In the US, MorningStar concentrates its sustainability efforts on the energy used to roast the coffee and how the company packages and delivers its beans, using, as one example, packaging that is recyclable or biodegradable.
“We don’t need aluminum foil bags when we use coffee we just roasted,” says Vido. “Coffee gets stale in six weeks, but we are servicing our accounts once a week, so they won’t have more or less coffee than they need.”
MorningStar uses an American-made air bed coffee roaster that runs on natural gas. “It’s a faster roaster, and it’s human error–free,” says Vido. “In a traditional roaster you have to be pulling the coffee out and smelling it and looking at it, but this roaster, as long as it’s set up correctly with a recipe, you don’t have any human error.”

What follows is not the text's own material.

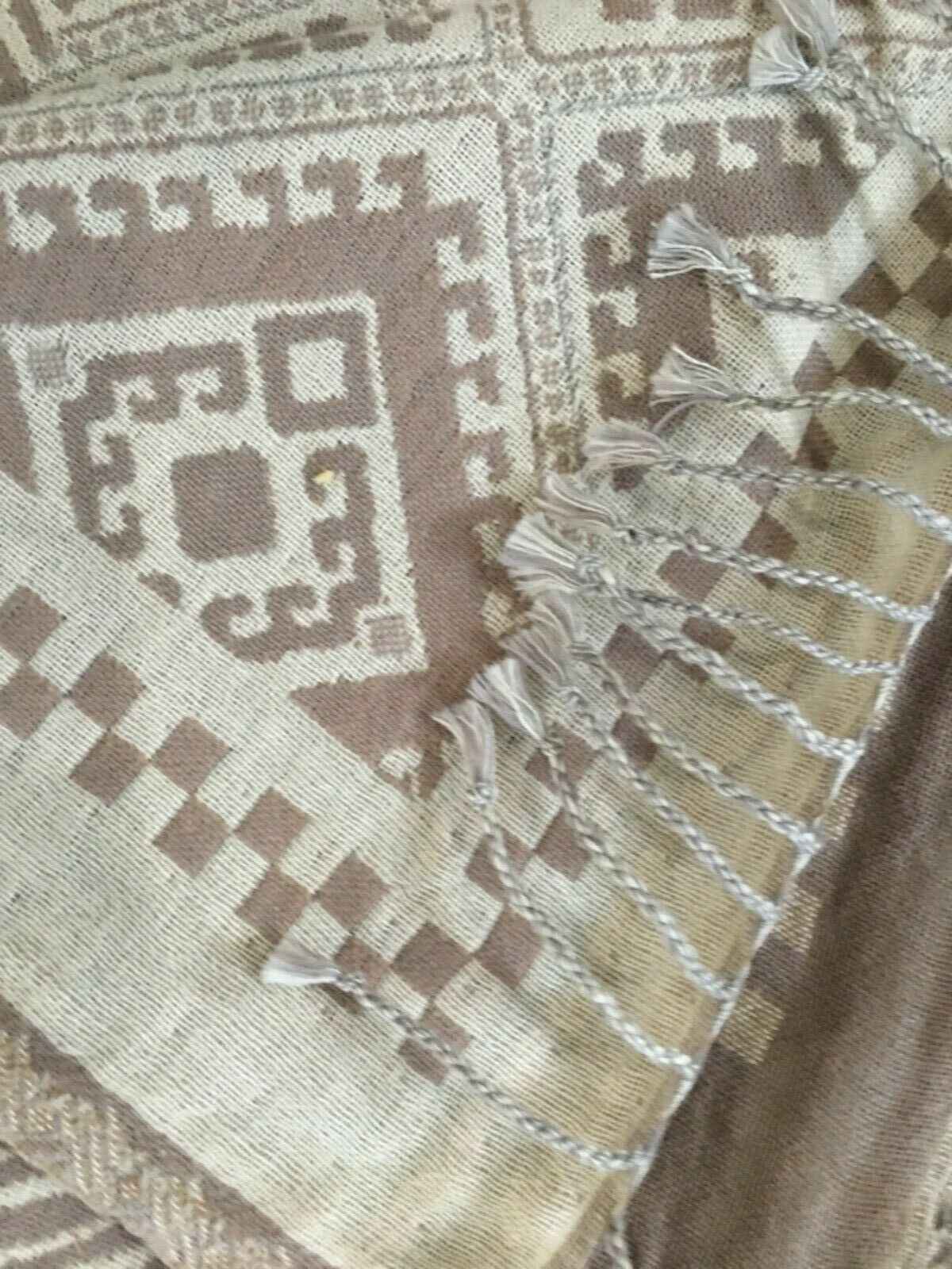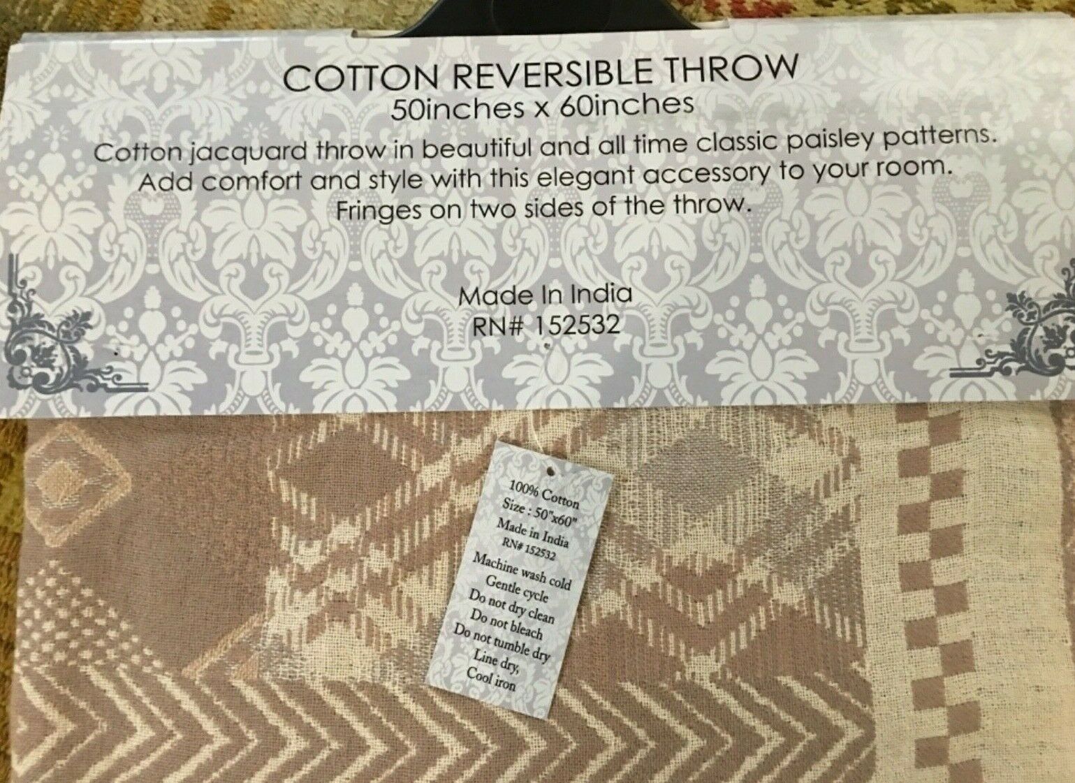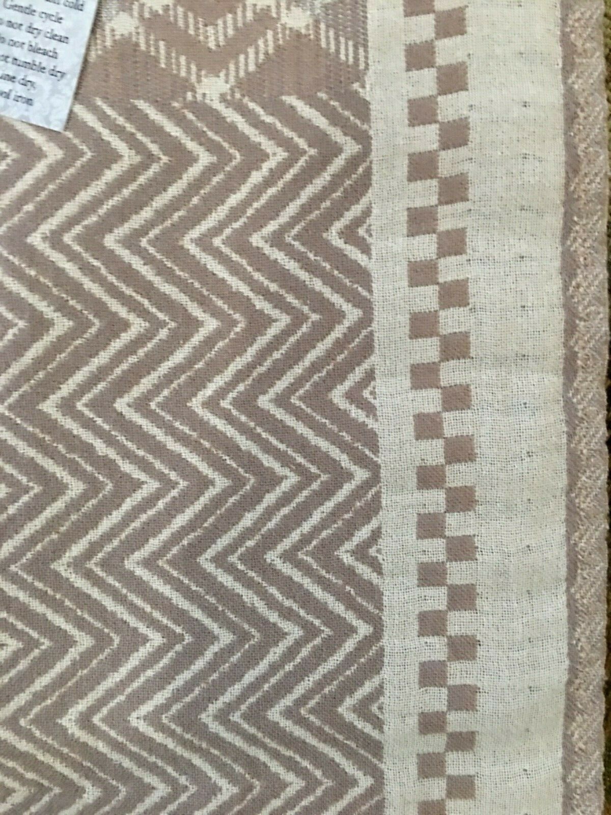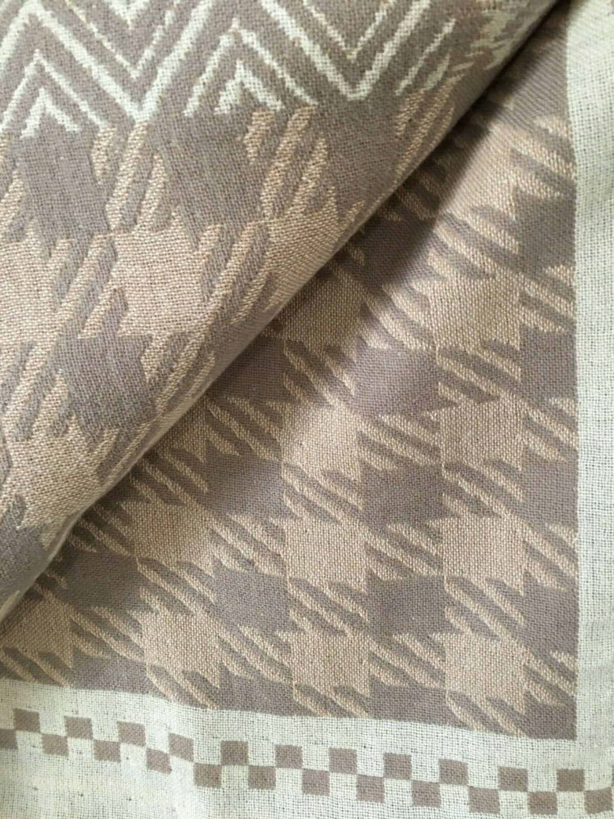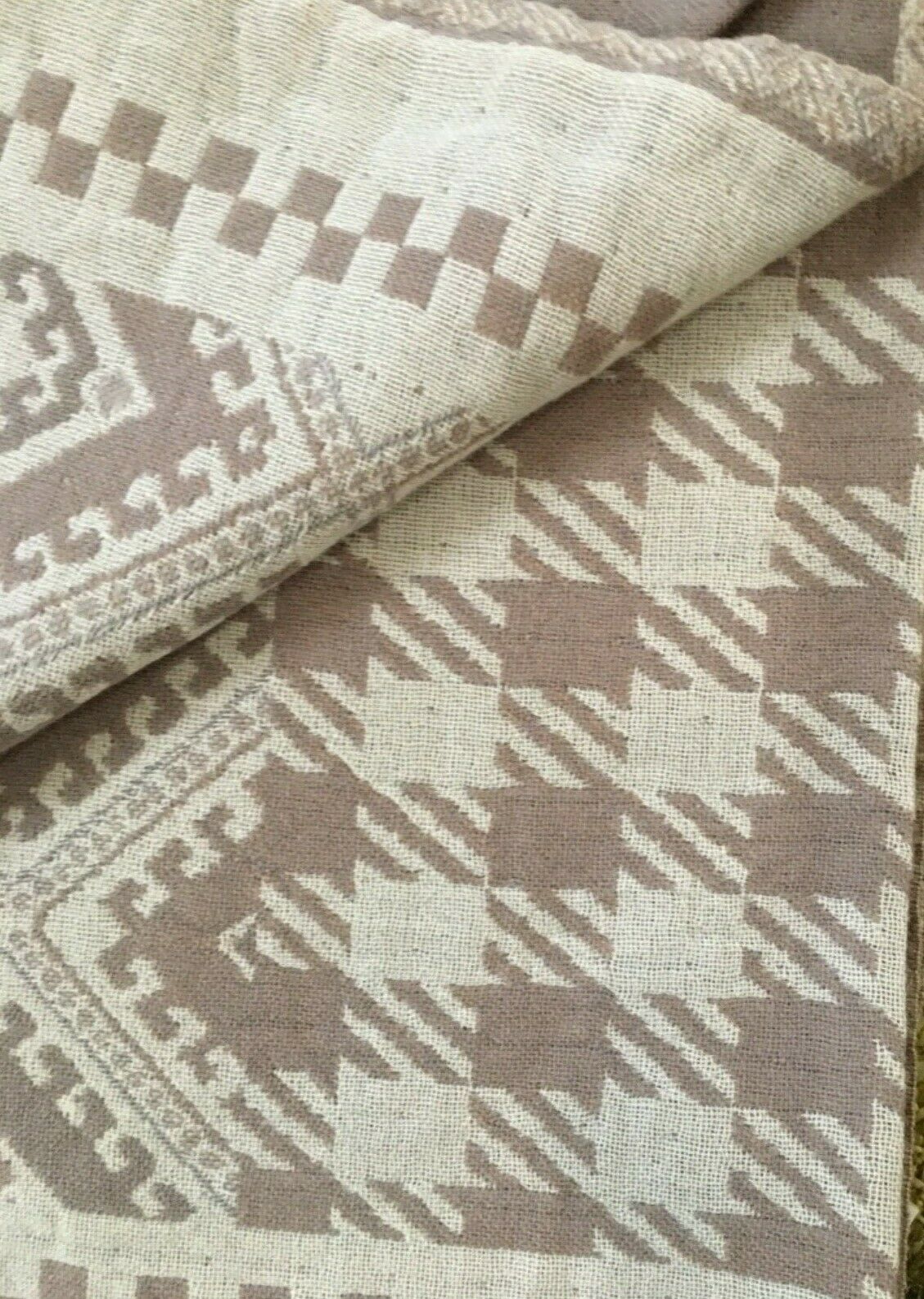 COTTON REVERSIBLE JACQUARD THROW BLANKET 50" x 60" TAUPE/BEIGE FRINGE 2.5" NWT

One byproduct of the roasting process is potential air pollution (“at least 30 to 40 seconds of the roast is a big amount of smoke,” says Vido), a problem dealt with through a water-based process called a scrubber. The liquid “washes” the smoke’s particulates leaving a clean steam that can be discharged into the atmosphere.
Communicating: Catalyst and Caffeine
Once coffee has been sourced and cupped, and imported and roasted, not much is standing between the beans and the customer’s cup. A name and label never hurt, though—something that entices consumers and tells a story. When it came to packaging Catalyst, the Walker team had a distinctive brew to work with.
“I knew it was going to be organic and fair trade and that we were partnering with MorningStar,” says Andrea Hyde, a designer at the Walker. “I also knew that it was a medium roast. It was something that we had been serving at the café as a soft launch for a while, without having the brand there. So I’d had some experience with the flavor of it. It’s very smooth.”
Then there’s the name, which comes out of the Walker’s mission to be a “catalyst for the creative expression of artists and the active engagement of audiences.” For Hyde the name suggested a graphic motif that alluded to the kind of jolt both a good cup of coffee and contemporary art can offer. Then the size of the labels and print specifications brought a creative challenge.
“At the Walker we try to think about things a little bit differently,” says Hyde. “I took the constraint as an opportunity to do something very graphic and almost brutal.”
Sure enough: the label is bold and stands out from the warm colors and imagery most consumers associate with coffee. “It’s just black and white,” says Hyde. “It’s almost severe. It doesn’t call itself out as ‘this is a coffee,’ although I abstracted the form of a coffee bean, and that’s the pattern in the background.”
Beyond the label, the coffee (and the process that brings it to our breakfast or dinner table) is anything but black and white.
James Norton is the editor of the daily online food magazine Heavy Table and author of Lake Superior Flavors: A Field Guide to Food and Drink Along the Circle Tour (University of Minnesota Press, 2014), both projects which feature the work of Becca Dilley, a Minneapolis-based editorial and wedding photographer.